The Andover City Council voted unanimously to accept a Kansas Department of Transportation (KDOT) Innovative Technology grant to deploy roadside signal-priority units (RSUs) and vehicle equipment designed to provide signal preemption and improved intersection safety for emergency response vehicles.
Rick Landes, director of public works and utilities, told the council the system will let a responding fire truck communicate its GPS location to equipped traffic signals so the signal can change to green ahead of the vehicle. The immediate project scope covers key intersections near Highway 54 and other corridors (Douglas at 54, Cloud and Harry, and a possible addition of Yorktown), and the city will phase further intersections later.
The expected total project cost is about $425,000. KDOT’s grant award will cover $320,000 of the cost.
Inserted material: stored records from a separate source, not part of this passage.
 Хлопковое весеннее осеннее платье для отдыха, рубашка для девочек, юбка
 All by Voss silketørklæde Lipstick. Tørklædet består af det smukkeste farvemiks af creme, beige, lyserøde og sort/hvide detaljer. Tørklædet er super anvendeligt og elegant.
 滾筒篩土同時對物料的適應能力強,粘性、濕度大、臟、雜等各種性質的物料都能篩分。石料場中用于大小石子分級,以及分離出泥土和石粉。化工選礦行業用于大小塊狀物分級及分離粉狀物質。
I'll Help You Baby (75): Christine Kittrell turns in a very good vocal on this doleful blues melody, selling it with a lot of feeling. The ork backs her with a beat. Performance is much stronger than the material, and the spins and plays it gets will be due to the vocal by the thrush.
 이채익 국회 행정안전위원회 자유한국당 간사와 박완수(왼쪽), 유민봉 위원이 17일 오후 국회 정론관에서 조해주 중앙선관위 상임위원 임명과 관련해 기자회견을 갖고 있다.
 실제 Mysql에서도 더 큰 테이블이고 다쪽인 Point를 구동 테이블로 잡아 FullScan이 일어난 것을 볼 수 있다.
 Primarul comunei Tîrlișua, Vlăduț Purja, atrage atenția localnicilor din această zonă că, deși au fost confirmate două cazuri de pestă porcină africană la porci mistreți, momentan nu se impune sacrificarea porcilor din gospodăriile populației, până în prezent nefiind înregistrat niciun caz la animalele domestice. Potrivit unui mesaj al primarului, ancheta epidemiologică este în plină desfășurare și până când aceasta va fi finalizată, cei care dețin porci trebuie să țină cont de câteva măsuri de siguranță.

The city’s local share is approximately $105,000, of which the fire department will contribute $30,000 and the city's street improvement fund will cover $75,000. Staff said vehicle equipment costs are a substantial portion of the project expense; the initial deployment will equip fire apparatus, with potential future expansion to other city vehicles or shared-agency vehicles after operational testing and interagency agreements.
Councilmembers welcomed the grant as a public-safety improvement. “This is amazing technology,” one councilmember said, praising staff for obtaining the grant. Staff noted the system selected is the same platform used by Wichita, which may allow interoperability with neighboring communities.
Council voted to accept the grant and authorized the mayor to sign the grant acceptance agreement.